The important things about this design are:

  1. The Data Structure is private, and not permitted into the application
  2. The SQL-Speaking Object uses ORM
  3. The integration returns only Domain Objects
  4. The integration receives requests only as Domain Objects

This means that the implementation benefits from all of the ease of use that some of the best ORM libraries provide. It also means the the application and its code is completely insulated from any of the implementation details. There are no rigid and fragile data structures flying all over the system. There is no coupling between the application and particular database integration code, or table schemas.

In case you are thinking that this example is too trivial and doesn’t showcase the true perils of DTOs and ORMs, here’s a piece of code I recently wrote that is a much more involved scenario with a much larger amount of information.

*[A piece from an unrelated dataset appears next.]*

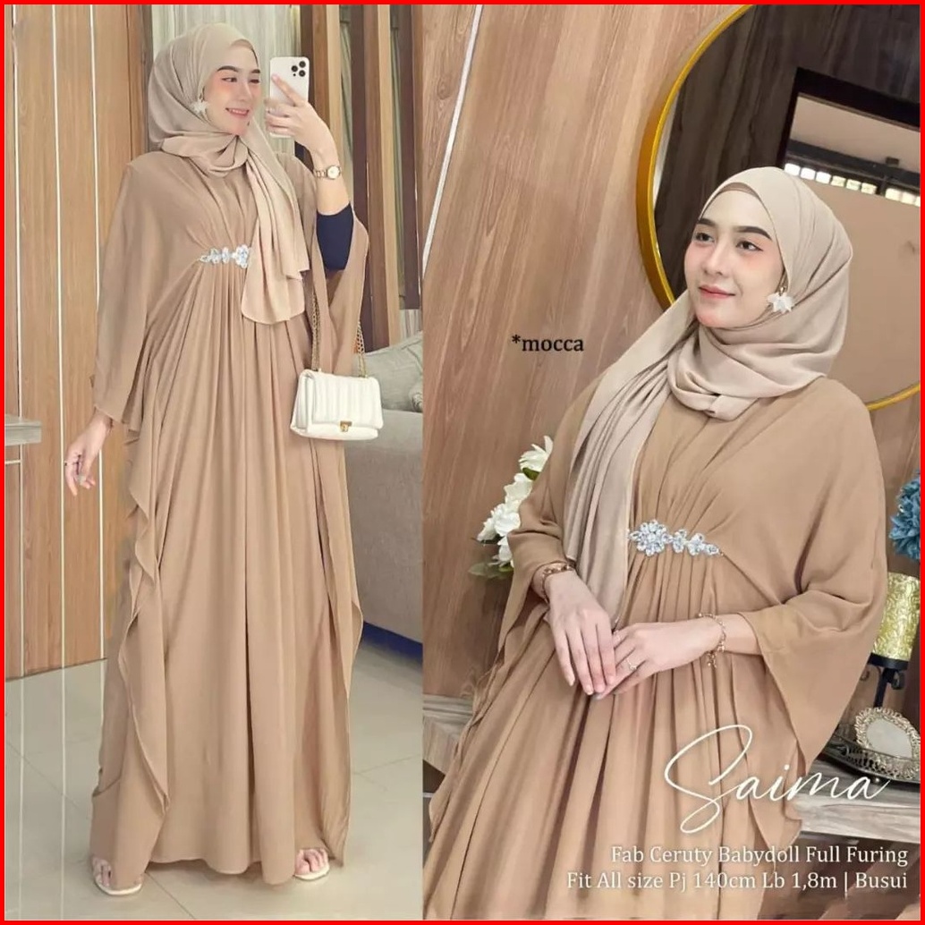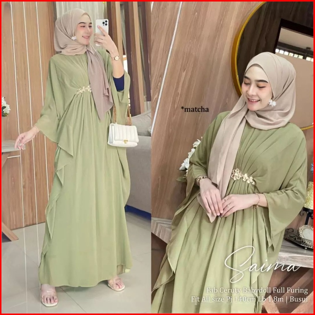 Saima Kaftan Baju Kaftan Wanita Terlaris Matt Ceruty Babydoll Dress Wanita Aksen Renda Full Puring Ef

public sealed class SqlBatchedGeo : IBatched<GeoId, Geo>
{
  private readonly SqlDb _db;
   
  public async Task<Result<Dictionary<GeoId, Geo>>> Get(IEnumerable<GeoId> req)
  {
    const string query = @"
      SELECT z.GeoID, z.Zip5 AS Zip, a.Line1, a.Line2, a.City, a.State, z.Zip5
      FROM Scheduling.GeoZip z
        LEFT OUTER JOIN Scheduling.GeoAddress a ON a.GeoID = z.GeoID
      WHERE z.GeoID IN (SELECT [value] FROM STRING_SPLIT(@ids, '|'))";

    var ids = string.Join("|", idsList.Select(x => $"{x}"));
    return await _db.Query<GeoRecord>(query, new { ids = ids })))
        .IfSucceeded(records => records.ToDictionary(
          r => new GeoId(r.GeoID), 
          r => r.AsGeo())));
  }
  
  private class GeoRecord
  {
    public string GeoID { get; set; }
    public string Zip { get; set;  }
    public string Line1 { get; set; }
    public string Line2 { get; set; }
    public string City { get; set; }
    public string State { get; set; }
    public string Zip5 { get; set; }
    public GeoType GeoType => HasAddress ? GeoType.Address : GeoType.Zip;
    private bool HasAddress => !string.IsNullOrEmpty(State);
    
    public Geo AsGeo()
      => new Geo(new GeoId(GeoID), GeoType, new ZipCode(Zip), 
        HasAddress 
          ? new TransferAddress(Line1, Line2, City, State, Zip5)  
          : Maybe<TransferAddress>.Missing);
  }
}

Design Conclusions


So, does using ORMs and DTOs for data integrations mean that you can’t have elegant systems? Absolutely not! An elegant system may use DTOs for transferring data. They are very useful tools for transferring data between two systems!

The critical design considerations are that while they should be used for transporting data into and out of your application, your application should work with Objects for performing its use cases. When you do have Data Structures, keep them co-located with their integration, since the shape of the data will change almost exactly as often as the integration will. Most of your applications will absolutely require working with external data.

Futuristic sleek blue database.

What are the big design principles to consider, whether or not you choose to use ORMs and DTOs?

  1. Make your application Behavior-Centric, not Data-Centric
  2. Do not let your application be coupled to specific shapes of external data
  3. Ensure that your data access patterns are easy to performance tune

As long as you follow these patterns, does it matter whether you use ORMs and DTOs? It really doesn’t. Use whatever libraries work best for your implementations and query patterns. Reach a team agreement about what to use, and don’t worry about the details. A good architecture will ensure that the interaction patterns in your applications are clean, regardless of which specific tools you use.